Content starts
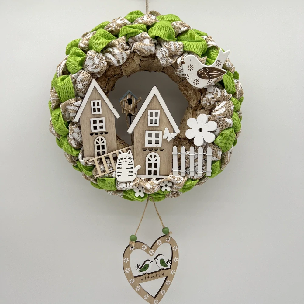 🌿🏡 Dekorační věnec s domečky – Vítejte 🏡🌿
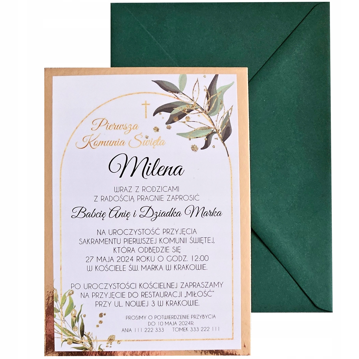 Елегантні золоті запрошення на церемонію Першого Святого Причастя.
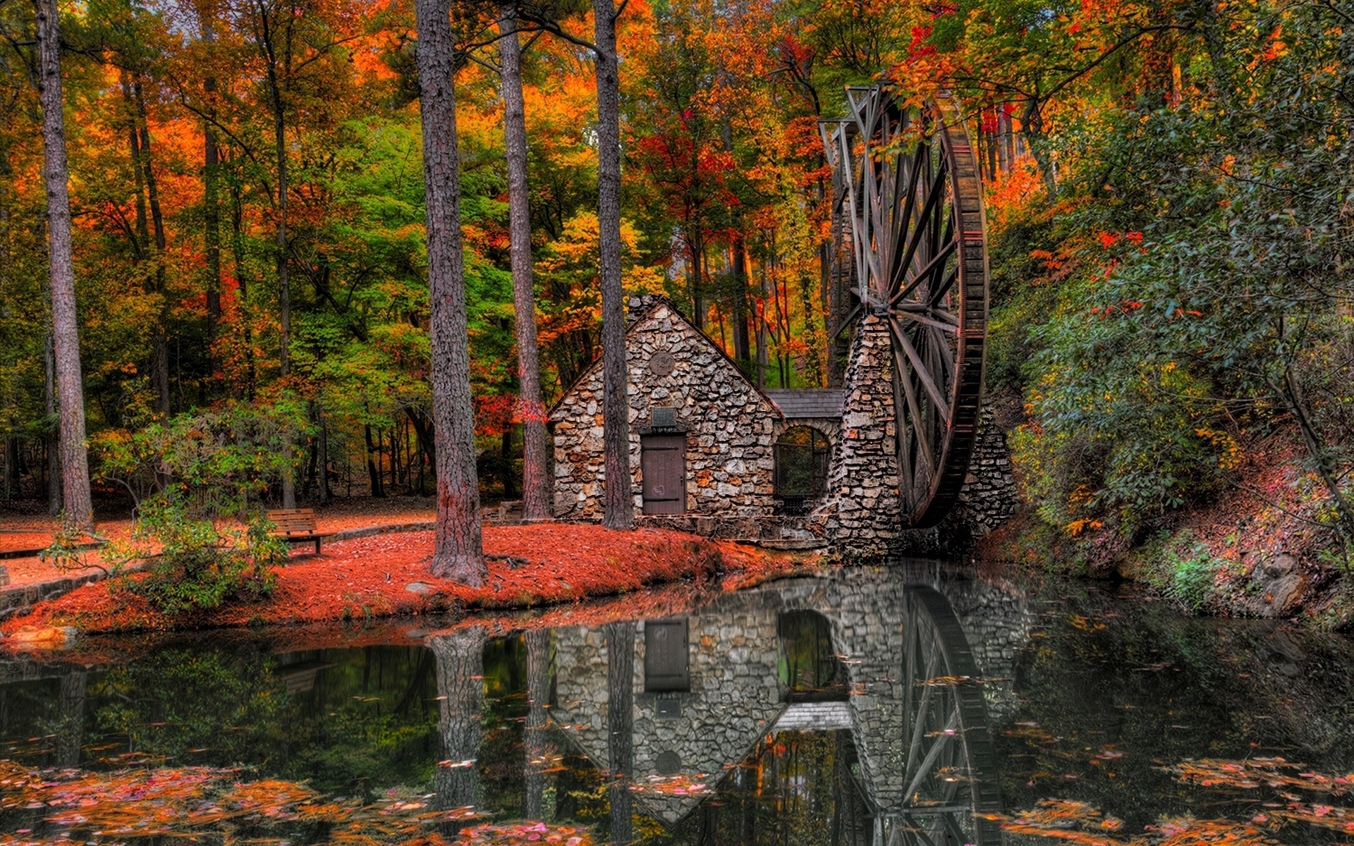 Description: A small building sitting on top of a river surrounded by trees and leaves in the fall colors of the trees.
Content ends
Content starts
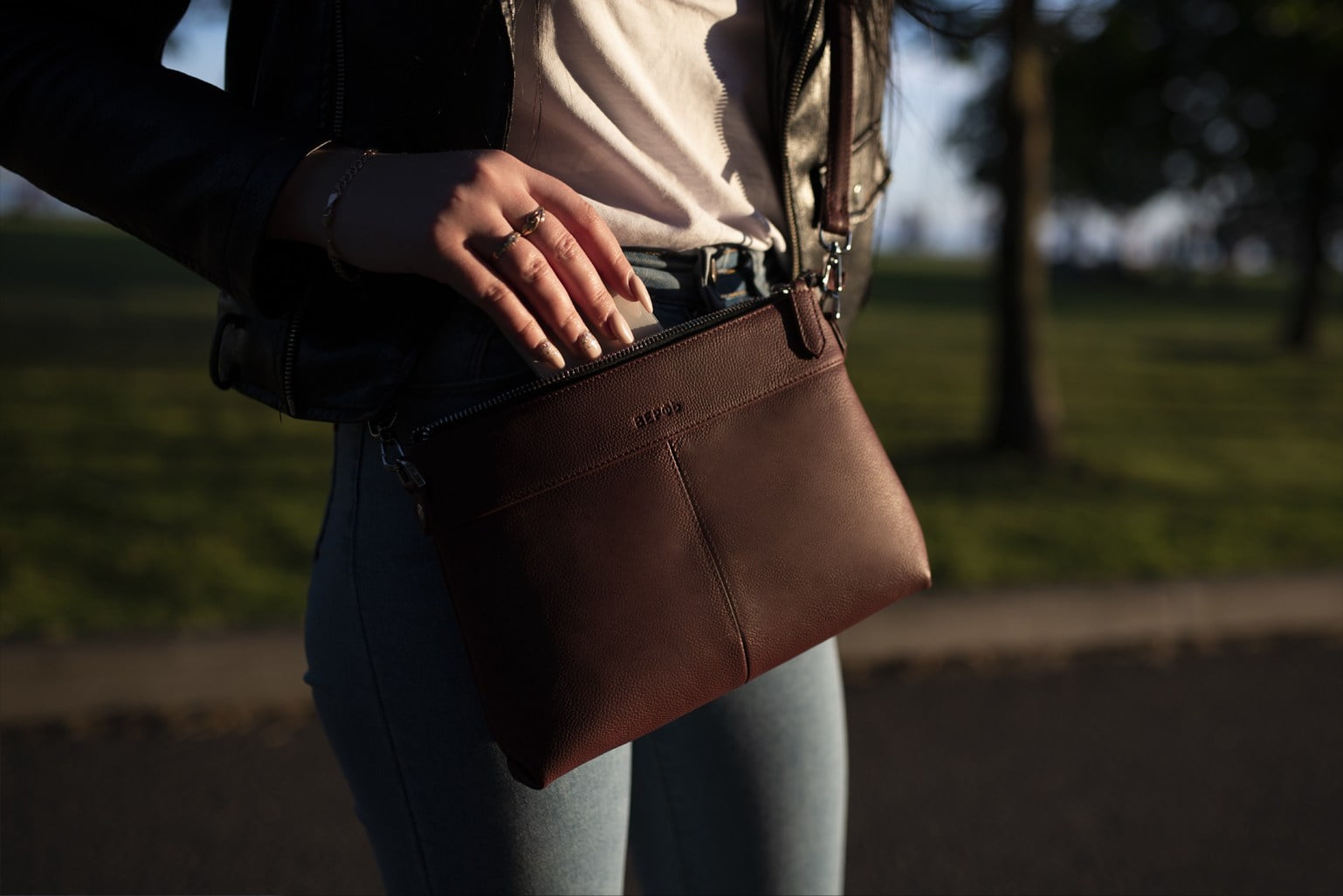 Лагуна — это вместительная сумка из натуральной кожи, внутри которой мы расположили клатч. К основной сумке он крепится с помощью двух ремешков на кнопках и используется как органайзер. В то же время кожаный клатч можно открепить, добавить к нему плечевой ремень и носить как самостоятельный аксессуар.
Content ends
Content starts
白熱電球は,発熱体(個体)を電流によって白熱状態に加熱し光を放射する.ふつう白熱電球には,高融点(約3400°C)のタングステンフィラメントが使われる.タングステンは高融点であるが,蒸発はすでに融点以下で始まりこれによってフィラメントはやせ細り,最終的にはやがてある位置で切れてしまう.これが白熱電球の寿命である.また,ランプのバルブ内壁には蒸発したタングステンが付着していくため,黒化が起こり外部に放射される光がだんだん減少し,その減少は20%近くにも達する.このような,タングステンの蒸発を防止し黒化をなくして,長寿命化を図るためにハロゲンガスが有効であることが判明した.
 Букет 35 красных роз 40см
Content ends
## WORK ORDER
Please return the lines above that run from the line containing "白熱電球は,発熱体(個体)を" to the line containing "Букет 35 красных роз 40см", inclusive, exactly and with no other lines.

## OUTPUT OF THE EXERCISE
白熱電球は,発熱体(個体)を電流によって白熱状態に加熱し光を放射する.ふつう白熱電球には,高融点(約3400°C)のタングステンフィラメントが使われる.タングステンは高融点であるが,蒸発はすでに融点以下で始まりこれによってフィラメントはやせ細り,最終的にはやがてある位置で切れてしまう.これが白熱電球の寿命である.また,ランプのバルブ内壁には蒸発したタングステンが付着していくため,黒化が起こり外部に放射される光がだんだん減少し,その減少は20%近くにも達する.このような,タングステンの蒸発を防止し黒化をなくして,長寿命化を図るためにハロゲンガスが有効であることが判明した.
 Букет 35 красных роз 40см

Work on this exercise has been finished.